What I've seen in js mirrors a lot of what I saw in php 10 years ago. JS is
now the easy language to get into, and so it has the most inexperienced devs
with the least access to greybeards to at least show them what to avoid. The
result is people who don't quite realize how insane the whole toolchain is.
I've got a setup at work that makes make seem like a friendly dev requirement.

------
mmosta
With the rise of single page applications there is immense demand for the
rigor and form that seasoned back-end developers can bring to front-end teams.

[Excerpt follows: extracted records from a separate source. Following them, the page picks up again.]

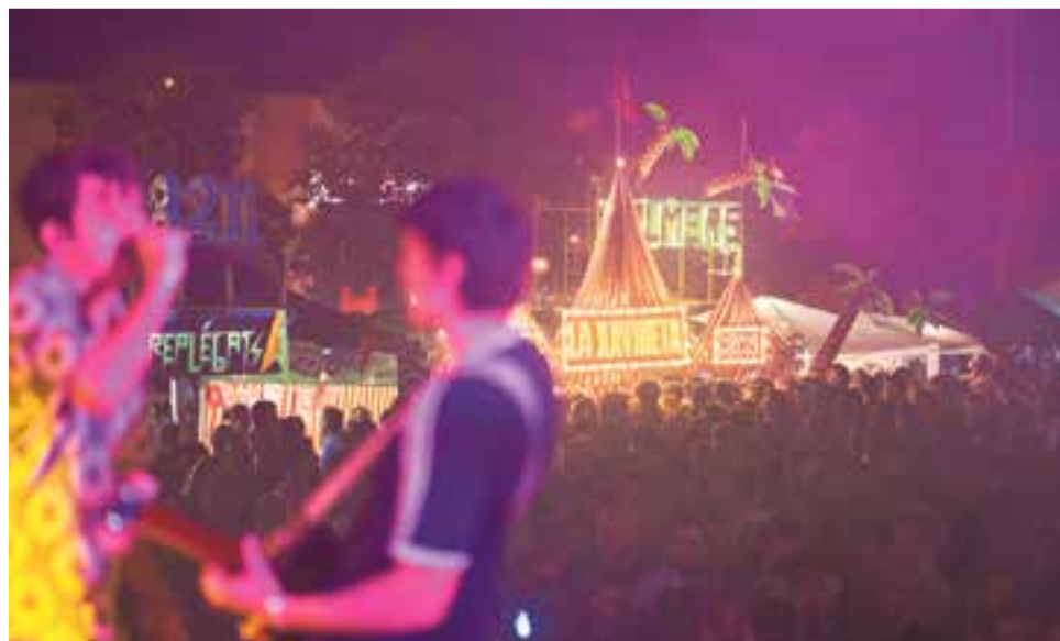
Vilabarrakes durant el concert de Sexenni. Al fons, la barraca guanyadora d'enguany, La Xavineta.

Fent el concurs, segons el col·lectiu Vilabarrakes, "es genera una mica de competició interna per fer que les barraques quedin ben boniques". En aquest sentit, hi ha col·lectius que ja treballen en la decoració de la seva barraca des de dos mesos abans. ➔ || M. A.
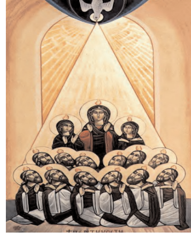
Icône de la pentecôte

Ces livrets ne sont pas des enseignements complets sur les charismes mais plutôt un support de partage en communauté
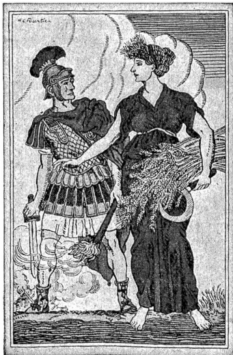
Bundesfeierkarte 1916, entworfen von Henri Claude Forestier, Genf.

Die Adressseite ist von Kunstmaler Moys Balmer in Luzern gezeichnet; sie enthält nebst dem Text eine Vignette, das Bild des Bruders Klaus, eine Mahnung zur innern Einigkeit. Die beiden Karten sind in Farbenlithographie ausgeführt von den Zürcher Firmen Art. Institut Drell Fühli und Gebr. Frey. — Neben den beiden Postkarten gelangen die gleichen Motive auch als Gedenkblätter in Folioformat zu Fr. 3.— zum Verkauf. Der Reinertrag beider Ausgaben ist nach dem Beschluß des Bundesrates zur Unterstützung schweizerischer Wehrmänner bestimmt, die infolge des Wehrdienstes in finanzielle Not geraten sind. Freiwillige Gaben zu vaterländischen Zwecken nimmt das Bundesfeierkomitee durch alle Schalter der Schweizerischen Volksbank entgegen, die in hochherziger Weise bereits einen Betrag von 5000 Fr. gezeichnet hat. Auch andere Bankinstitute leiten solche Gaben weiter; ferner können freiwillige Einzahlungen auf den Postscheck des Schweizerischen

Immense state trees, webworkers, asynchronous changes, tiered caching, pre-
emptive fetching, modularization, optimistic rendering, validation, behavioral
analytics, testing and more.

This is all without even getting started on actual presentational aspects.

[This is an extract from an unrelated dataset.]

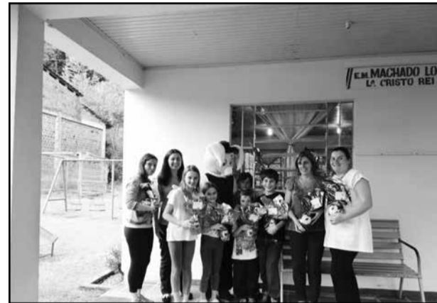
Escola Cristo Rei
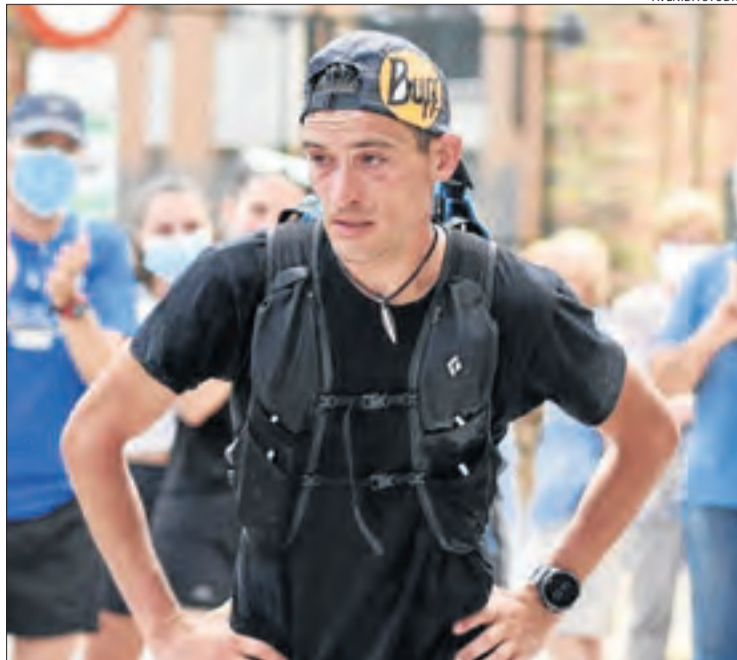
L'atleta, notablement cansat després de l'esforç.

The pace of the ecosystem in recent years and the immense amount of legacy
code (10 years+) that doesn't scale to growing teams/projects is a problem
everywhere you look.

The good news is companies looking to bring their front-end up to date are
facing the same foreboding sense you have that comes with the unfamiliar.

Fragmentation is coalescing around major frameworks and fringe features from a
few years ago are standards today.

It's not too late, understanding the tooling is critical (end-to-end IDE
through to the browser and beyond) and will provide you with a solid basis.
Follow this up by reading the APIs of major frameworks then pick one (any one,
it doesn't matter) and build something with it.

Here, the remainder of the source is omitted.